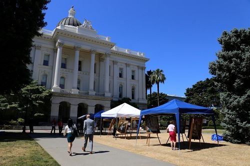 二零一四年六月三日和四日,美国加州首府沙迦缅度烈日当空,在州议会大厦北草坪上的艺术展--“真善忍美展”,依然吸引不少西装革履、穿着正式的上班一族,顶着酷暑高温观看。
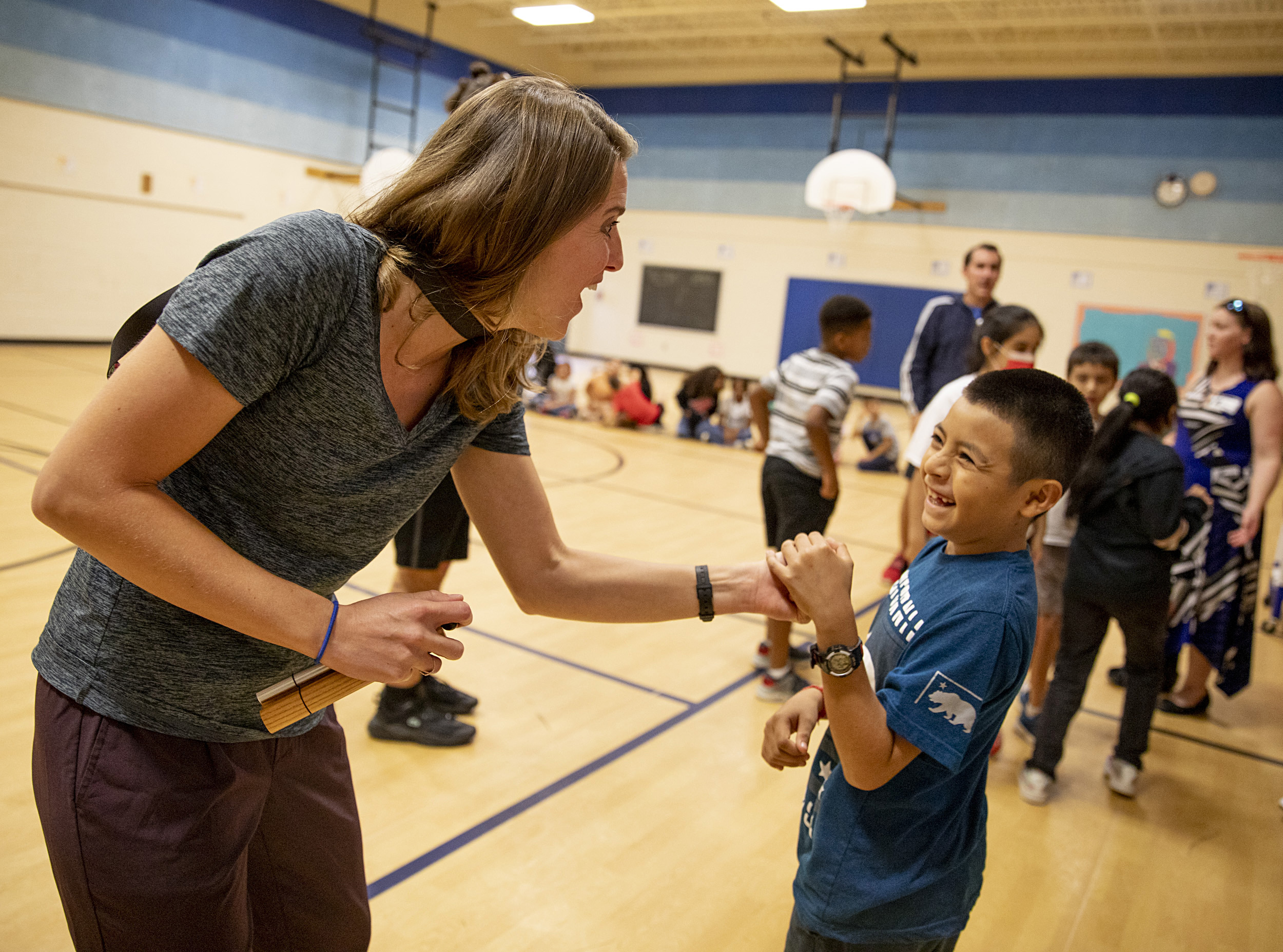 Brod is working on slowing down to try to get kids back on track. Sometimes literally: at the end of each class period, she has them all practice a moment of (mostly) quiet mindfulness, cross-legged on the floor.
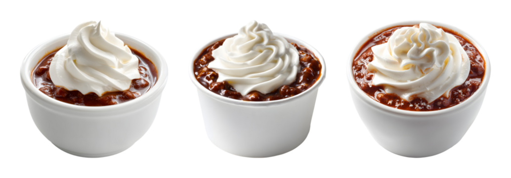 Delicious chili con carne with sour cream in white bowl PNG set with transparent background
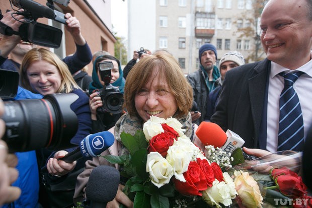 На вопрос, поздравил ли ее кто-то из властей, белорусский министр культуры, Алексиевич ответила, что нет. «Поздравил российский министр культуры, белорусский — нет».
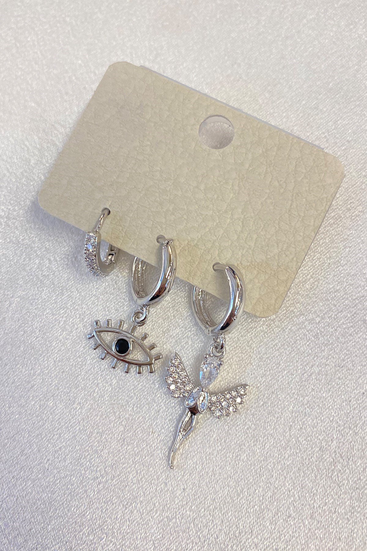 Gümüş Melek Kanatlı Taşlı Göz Çoklu Küpe
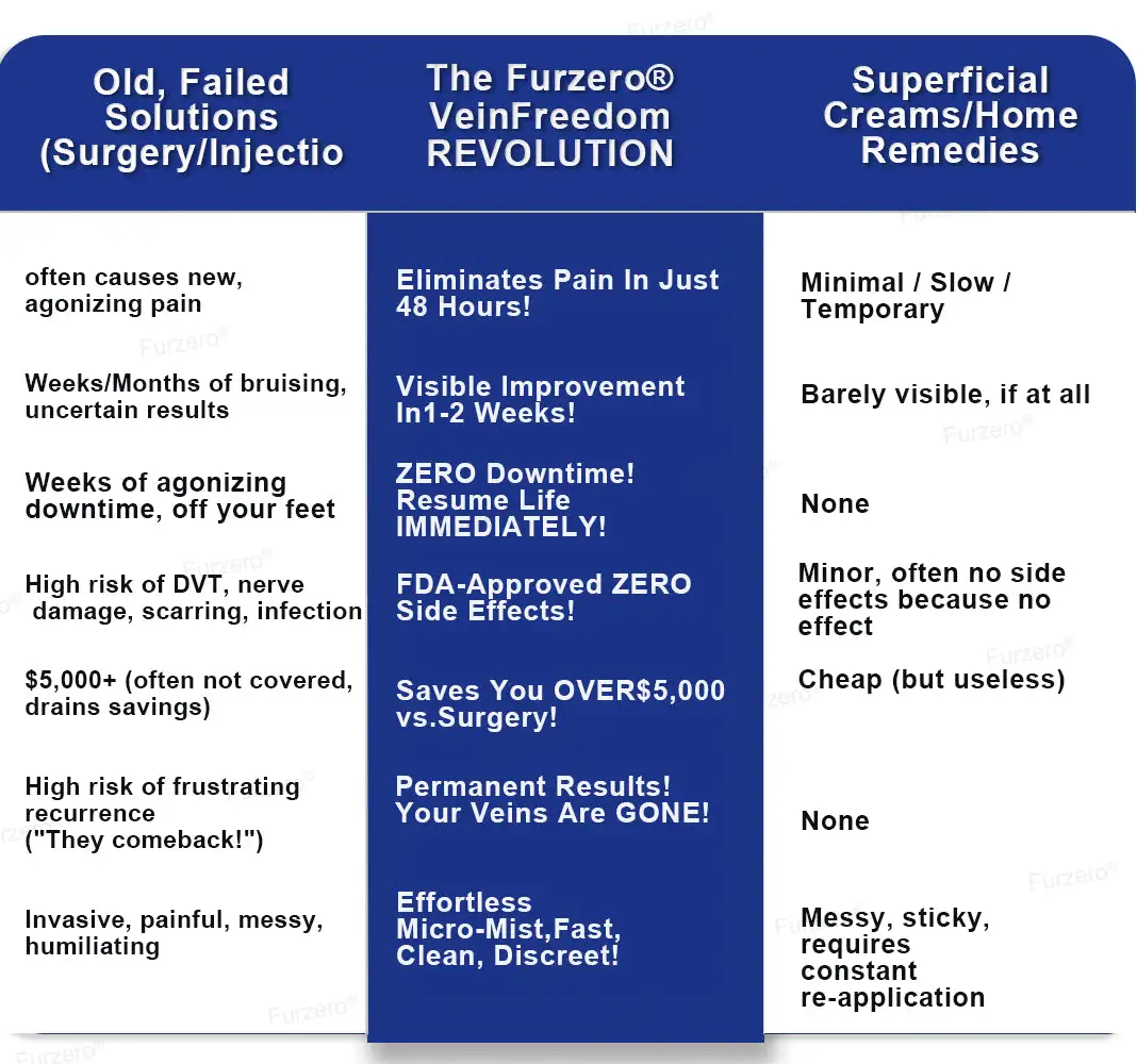 We know you’ve been burned by false promises and ineffective treatments. That’s why we’re confident to show you, side-by-side, why Furzero® VeinFreedom is the definitive solution, designed to meet the exact needs and frustrations we’ve heard from thousands of sufferers like you:
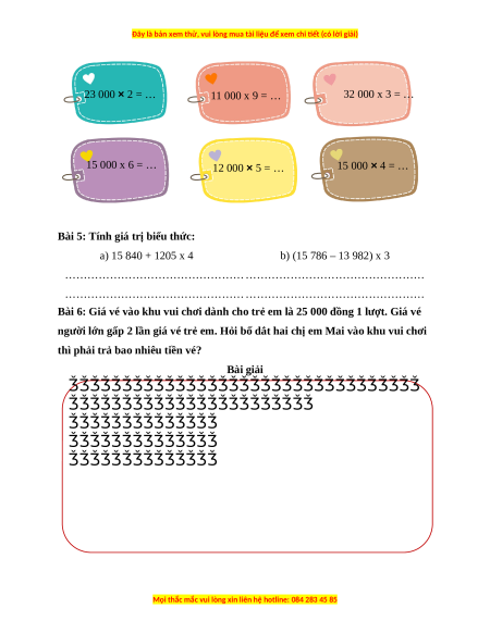 Bài 6: Giá vé vào khu vui chơi dành cho trẻ em là 25 000 đồng 1 lượt. Giá vé
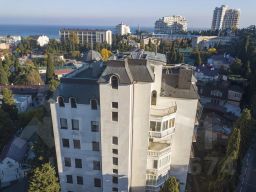 Квартира спроектирована с учетом всех современных требований. В ней есть эркерное помещение с купольным потолком и вторым светом, а также выход на собственный мезонин с потрясающим видом на Ялту, море и горы.
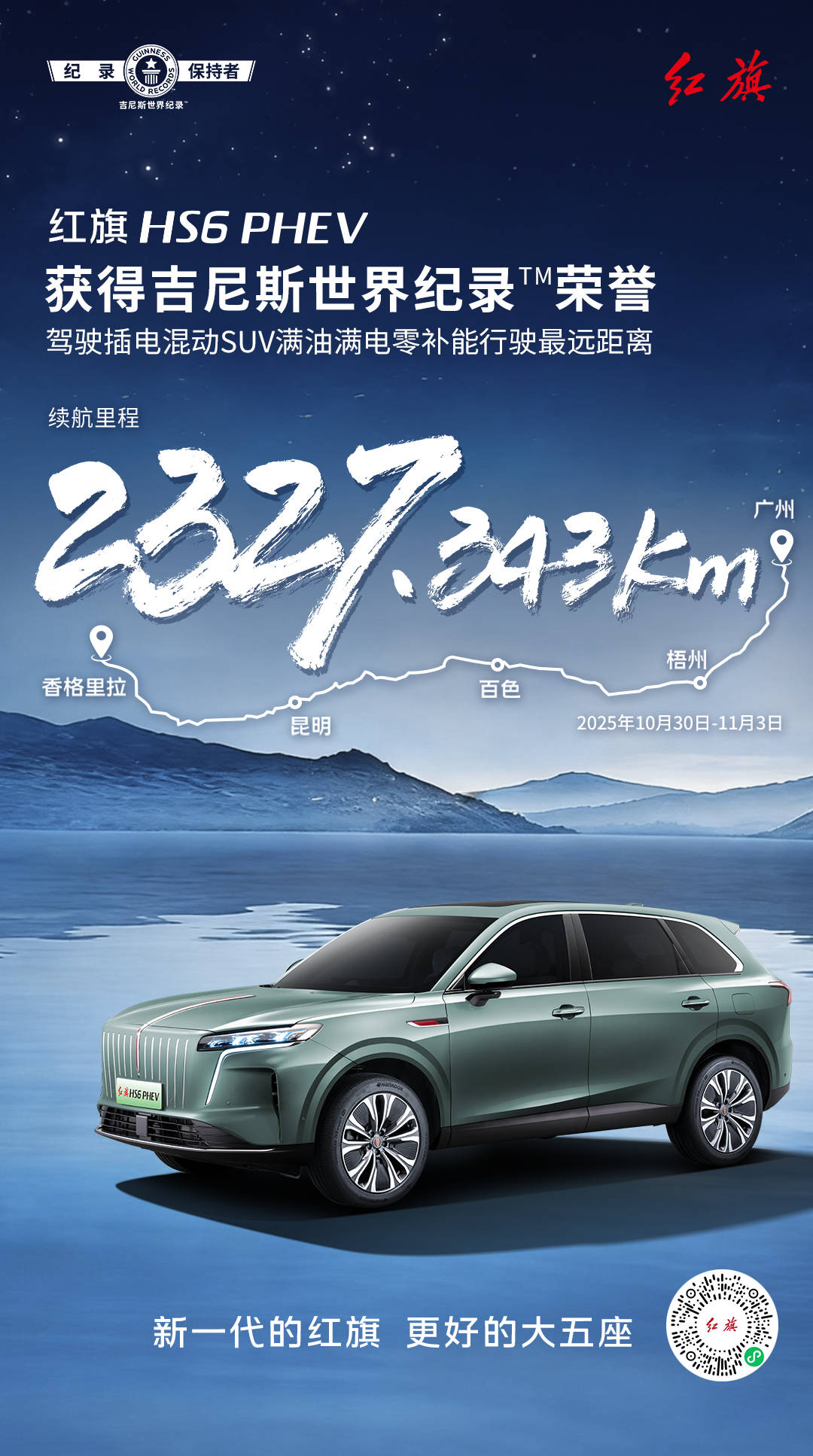 红旗HS6 PHEV以一场跨越2000公里的极限挑战,在新能源SUV领域投下重磅炸弹。这辆大五座旗舰车型从香格里拉启程,满油满电直抵广州,最终以2327.343公里的成绩刷新吉尼斯世界纪录,成为"驾驶插电混动量产SUV满油满电零补能行驶最远距离"的保持者。这一壮举不仅超越了传统认知中SUV的续航极限,更以量产交付标准车型完成挑战,车内座椅加热、通风等舒适配置全程开启,将真实使用场景纳入测试范畴。

----

### Your instructions
Exact repetition is the task: every line from the start of the data to the line with "Brod is working", inclusive, and none after it, pictures omitted.

### Answer to the exercise
 二零一四年六月三日和四日,美国加州首府沙迦缅度烈日当空,在州议会大厦北草坪上的艺术展--“真善忍美展”,依然吸引不少西装革履、穿着正式的上班一族,顶着酷暑高温观看。
 Brod is working on slowing down to try to get kids back on track. Sometimes literally: at the end of each class period, she has them all practice a moment of (mostly) quiet mindfulness, cross-legged on the floor.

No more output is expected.